Nitekim İnanoğlu, korktuğunun başına geldiğini açıkça yazıyor. Arkın'ın İtalyan bir oyuncuyla gittiği bir mekanda olay çıkardığını, kadın oyuncuya tokat attığını, olayın polise intikal ettiğini ve ertesi gün de tüm basına yansıyınca İtalyan yapımcının teklifinden vazgeçtiğini anlatıyor Bay Sinema. Konuya her şerde bir hayır vardır düsturuyla yaklaşmak lazım. Arkın sonrasında çektiği filmlerle dünyada adından bahsettirmeyi başardı zaten. Tekrar ruhu şad olsun. Peki, Arkın alkol sorununu nasıl çözdü? İnanoğlu, bun da şöyle anlatıyor: "Cüneyt'in eşi Betül'ün babası Feyyaz Işıl ünlü bir kimyagerdi. Alkole karşı bir ilaç geliştirmiş. İlacın etkili olması için her gün içilmesi gerekiyormuş. Bunun için eşi Betül, menajeri Leon Sason ve şoförü Yılmaz kendi aralarında görev bölümü yapmıştı. İlacı Londra'daki adamlarım aracılığıyla ben getirtiyordum. Bu üçü de Cüneyt'e çaktırmadan ilacı yiyeceğine içeceğine karıştırıyordu. Cüneyt bu ilaçla yaşıyordu gün boyu. Bu sayede Cüneyt bir yudum bile içemez oldu."

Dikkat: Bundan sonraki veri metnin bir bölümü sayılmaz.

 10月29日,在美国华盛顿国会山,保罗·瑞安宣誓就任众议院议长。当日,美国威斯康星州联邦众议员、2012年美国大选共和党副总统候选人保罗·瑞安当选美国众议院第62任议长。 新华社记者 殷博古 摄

KARAHAN BERLİN'DE AYAKTA ALKIŞLANDI
Devlet Opera ve Balesi Genel Müdürü Tenor Murat Karahan, dünya çapında gururumuz olmaya devam ediyor. Sanatçı, önceki gün 'Turandot Operası' ile Berlin'de ayakta alkışlandı. Karahan'ı, klasik müzik tarihinin efsanelerinden biri olan Zubin Mehta da izledi. Konser öncesi Karahan, Mehta ile çektirdiği fotoğrafı sosyal medyadan paylaştı. Ayrıca Karahan, 13. Uluslararası İstanbul Opera Festivali'nde 20 Temmuz'da 'Tosca' operasıyla sahneye çıkacak. Karahan'ın "Dünyanın gelmiş geçmiş en iyi sopranolarından, en muhteşem Tosca'larından biri" diye lanse ettiği Angela Gheorghiu, temsilde kendisine eşlik edecek.
CAZ VE GASTRONOMİ BİR ARADA
Dalaman'daki bir otelde Gastrojazz temalı bir etkinlik düzenlendi. Müzik ile yemeğin bir arada buluştuğu organizasyonda Ferit Odman, Eylül Ergül, Ozan Musluoğlu, Serdar Barçın, Su İdil gibi caz sanatçıları performans sergilerken ayrıca cazın geçmişi ve kültürü üzerine bir sohbet de gerçekleştirildi. Otel müdürü Tunç Batum, önümüzdeki haftalarda Türk-Yunan mutfağını ve müziğini bir araya getiren 'İki Yaka Bir Mutfak' adlı etkinlik gerçekleştirileceğini söyledi.